Content starts

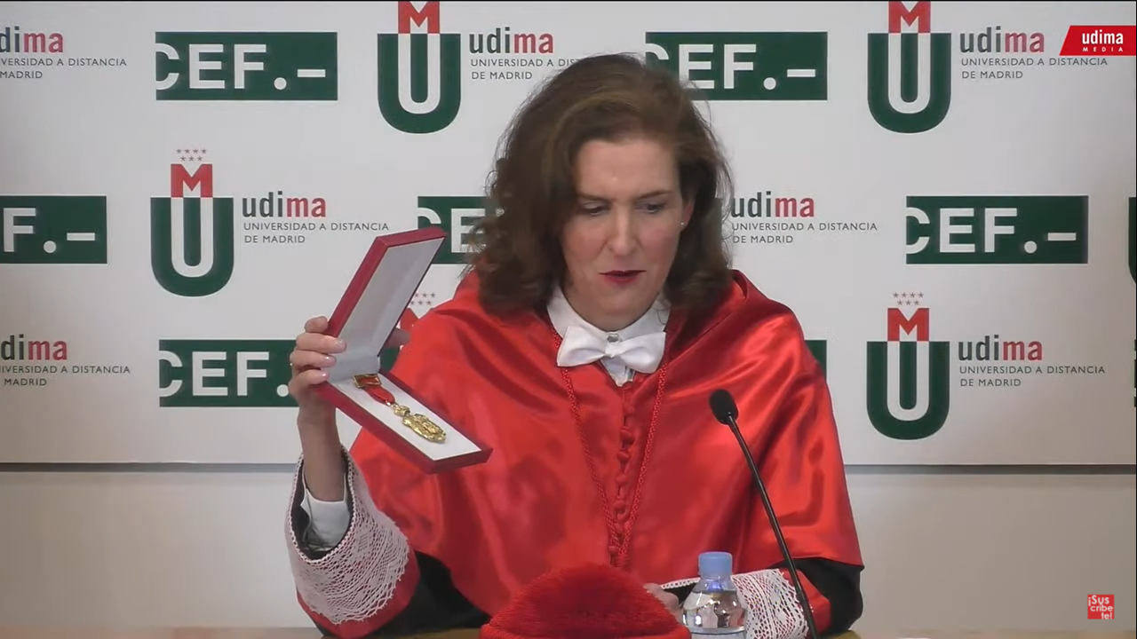 Cerró la agenda la doctora y presidenta de la UDIMA, María Aránzazu de las Heras, primero con la entrega de las Medallas de Honor a las Empresas que han ofrecido servicios especiales a la institución educativa. Tanto aquellas que confían en la UDIMA la formación de sus empleados, como las que solicitan estudiantes para sus prácticas o futuros empleos, y complementan la oferta formativa de la universidad.
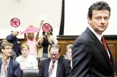 資料圖片:6月17日,英國石油公司首席執(zhí)行官托尼·海沃德(右)在出席美國國會聽證會時遭遇抗議。(圖片來源:人民網(wǎng)-環(huán)球時報)
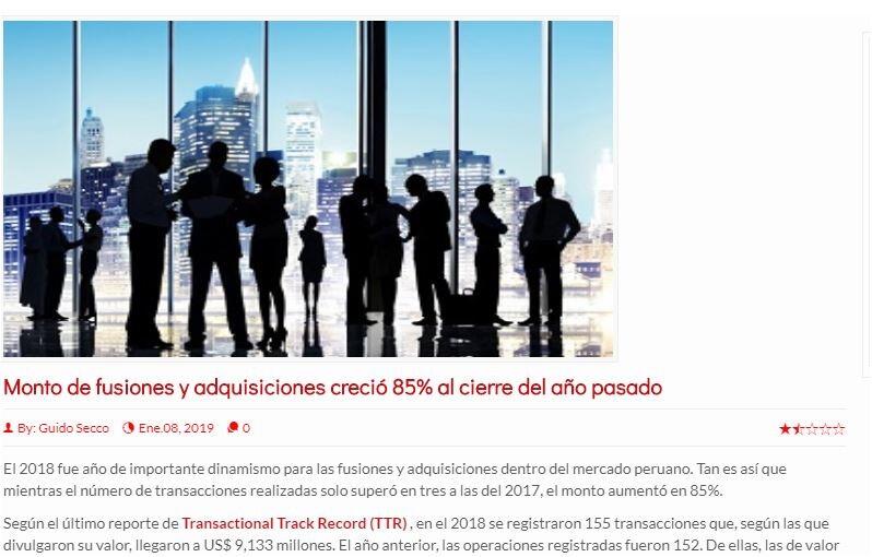 Según el último reporte de Transactional Track Record (TTR) , en el 2018 se registraron 155 transacciones que, según las que divulgaron su valor, llegaron a US$ 9,133 millones. El año anterior, las operaciones registradas fueron 152. De ellas, las de valor divulgado alcanzaron los US$ 4,937 millones.
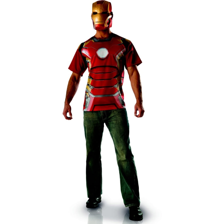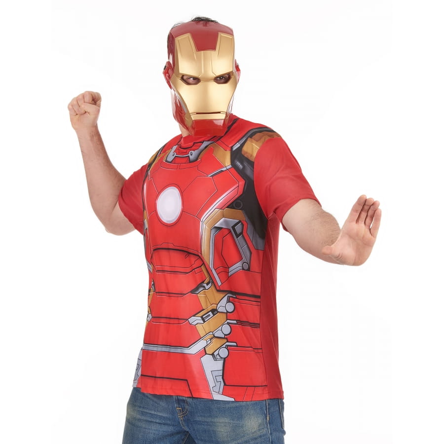 Le t-shirt Iron Man 2 avec masque en plastique rigide pour adulte est un assortiment destiné aux hommes.
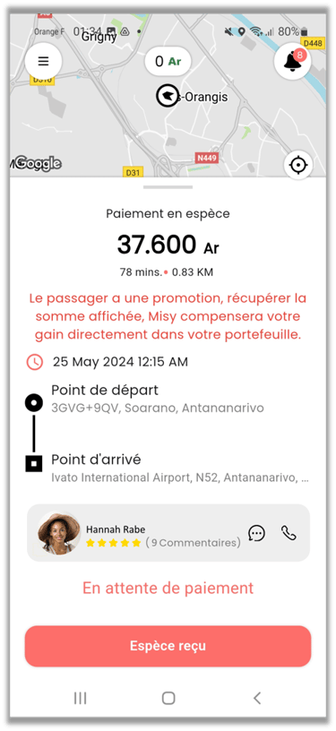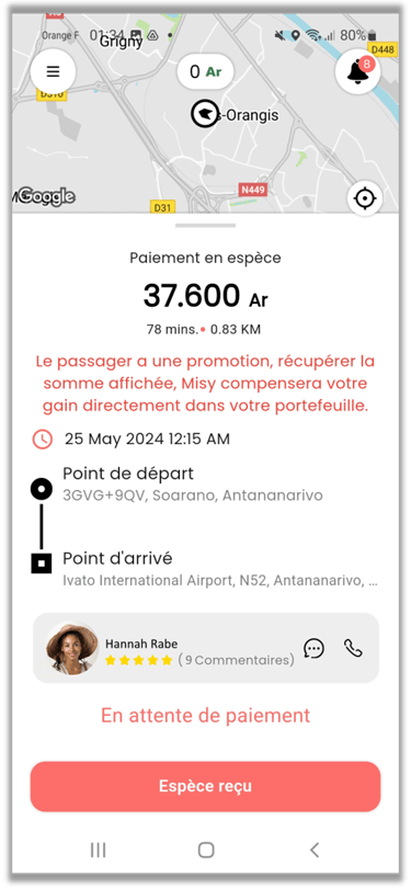 Ce montant inclut la commission et/ou les promotions passager, dans ce cas, Misy créditera votre portefeuille virtuel pour compléter votre revenu.
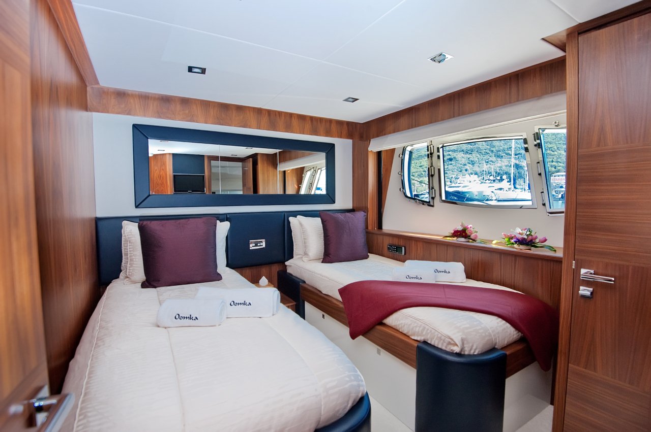 This Sunseeker 88 motor yacht OOMKA has a spacious interior comprising of 4 guest cabins sleeping a total of 8 charter guests.
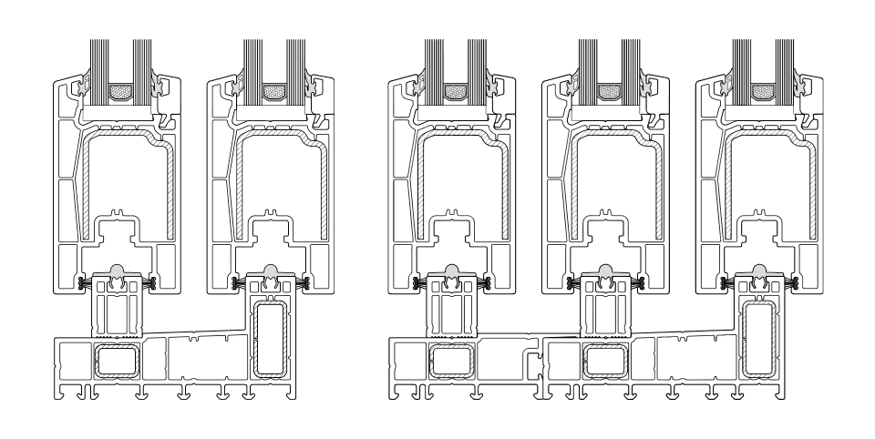 En sistemas fijo-móvil, el umbral no posee guía de marco en la hoja activa, quedando el marco sin obstrucciones del lado exterior. Además, con refuerzos de mayor inercia, que garantizan una óptima funcionalidad y prestación, ofrece la posibilidad de incluir mosquiteros de PVC.
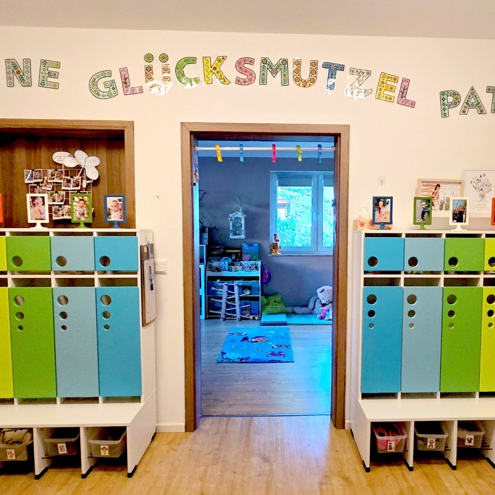 In unserer Garderobe hat jedes Kind seinen Platz.
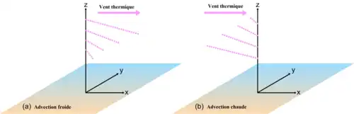 Si le vent géostrophique tourne avec l'altitude, il transporte de l'air d'une certaine température depuis une zone vers une autre qui a une température différente. Il s'agit d'advection chaude ou froide selon le cas. Ceci change la distribution thermique et naturellement crée un vent thermique.
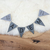 Personalisierte Wimpelkette aus hochwertigem Filz, individuell mit deinem Wunschnamen und Wunschtext graviert. In schlichten Grautönen ein zeitloser Begleiter.

Content ends

Beginning at the line with "In unserer Garderobe" and ending at the last line of the listing above, retype each line exactly, including those two lines. Leave the pictures out.

 In unserer Garderobe hat jedes Kind seinen Platz.
 Si le vent géostrophique tourne avec l'altitude, il transporte de l'air d'une certaine température depuis une zone vers une autre qui a une température différente. Il s'agit d'advection chaude ou froide selon le cas. Ceci change la distribution thermique et naturellement crée un vent thermique.
 Personalisierte Wimpelkette aus hochwertigem Filz, individuell mit deinem Wunschnamen und Wunschtext graviert. In schlichten Grautönen ein zeitloser Begleiter.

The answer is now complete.